**EXERCISE PROMPT:** In the records below, find the line that contains "緊接著,游客來到一座33英尺" and the line that contains "Stylish Michael Kors", then retype exactly those two lines and every line between them.

**RECORD EXTRACTS:**
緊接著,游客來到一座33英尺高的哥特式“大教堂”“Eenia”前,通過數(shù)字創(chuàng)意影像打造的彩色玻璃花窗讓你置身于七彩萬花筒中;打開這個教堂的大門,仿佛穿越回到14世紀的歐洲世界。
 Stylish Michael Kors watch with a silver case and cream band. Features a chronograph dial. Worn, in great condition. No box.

--

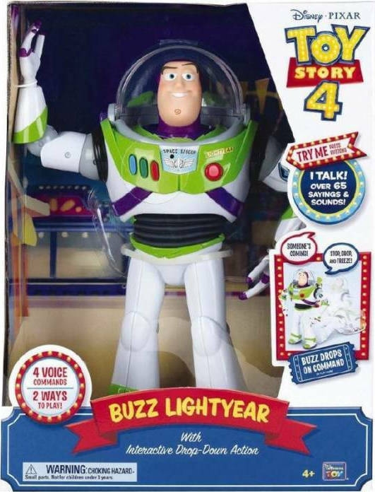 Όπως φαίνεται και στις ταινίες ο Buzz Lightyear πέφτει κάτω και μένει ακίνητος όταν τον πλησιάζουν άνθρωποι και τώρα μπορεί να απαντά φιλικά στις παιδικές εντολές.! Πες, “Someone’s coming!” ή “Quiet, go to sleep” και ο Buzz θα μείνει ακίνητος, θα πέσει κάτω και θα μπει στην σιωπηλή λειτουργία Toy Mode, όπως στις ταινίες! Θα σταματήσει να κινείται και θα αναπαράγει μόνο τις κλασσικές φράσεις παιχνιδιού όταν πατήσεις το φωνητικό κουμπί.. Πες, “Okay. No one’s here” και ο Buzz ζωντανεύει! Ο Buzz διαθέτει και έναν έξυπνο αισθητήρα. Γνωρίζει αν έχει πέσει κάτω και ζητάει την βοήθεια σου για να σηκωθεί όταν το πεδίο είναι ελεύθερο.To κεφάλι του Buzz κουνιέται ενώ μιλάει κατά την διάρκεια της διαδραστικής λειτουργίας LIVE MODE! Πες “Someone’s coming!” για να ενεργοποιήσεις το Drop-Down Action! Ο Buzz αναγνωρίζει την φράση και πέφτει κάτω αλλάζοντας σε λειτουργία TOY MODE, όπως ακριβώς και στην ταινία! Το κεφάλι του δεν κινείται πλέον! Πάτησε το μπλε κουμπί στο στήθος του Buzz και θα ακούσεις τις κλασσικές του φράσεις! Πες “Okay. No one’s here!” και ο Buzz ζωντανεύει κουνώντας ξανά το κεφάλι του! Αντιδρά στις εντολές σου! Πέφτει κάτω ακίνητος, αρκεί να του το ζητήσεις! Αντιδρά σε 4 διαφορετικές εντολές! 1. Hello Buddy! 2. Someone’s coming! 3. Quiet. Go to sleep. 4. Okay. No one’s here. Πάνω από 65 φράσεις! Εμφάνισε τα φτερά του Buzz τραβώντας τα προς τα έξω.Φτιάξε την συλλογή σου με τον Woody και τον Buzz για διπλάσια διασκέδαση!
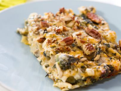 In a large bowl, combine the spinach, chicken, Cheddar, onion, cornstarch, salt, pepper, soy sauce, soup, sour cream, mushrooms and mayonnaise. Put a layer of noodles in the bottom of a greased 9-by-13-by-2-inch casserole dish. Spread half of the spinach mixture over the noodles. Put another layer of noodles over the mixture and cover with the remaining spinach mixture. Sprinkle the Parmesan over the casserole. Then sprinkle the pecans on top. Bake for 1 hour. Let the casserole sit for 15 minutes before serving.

**WRITTEN SOLUTION:**
緊接著,游客來到一座33英尺高的哥特式“大教堂”“Eenia”前,通過數(shù)字創(chuàng)意影像打造的彩色玻璃花窗讓你置身于七彩萬花筒中;打開這個教堂的大門,仿佛穿越回到14世紀的歐洲世界。
 Stylish Michael Kors watch with a silver case and cream band. Features a chronograph dial. Worn, in great condition. No box.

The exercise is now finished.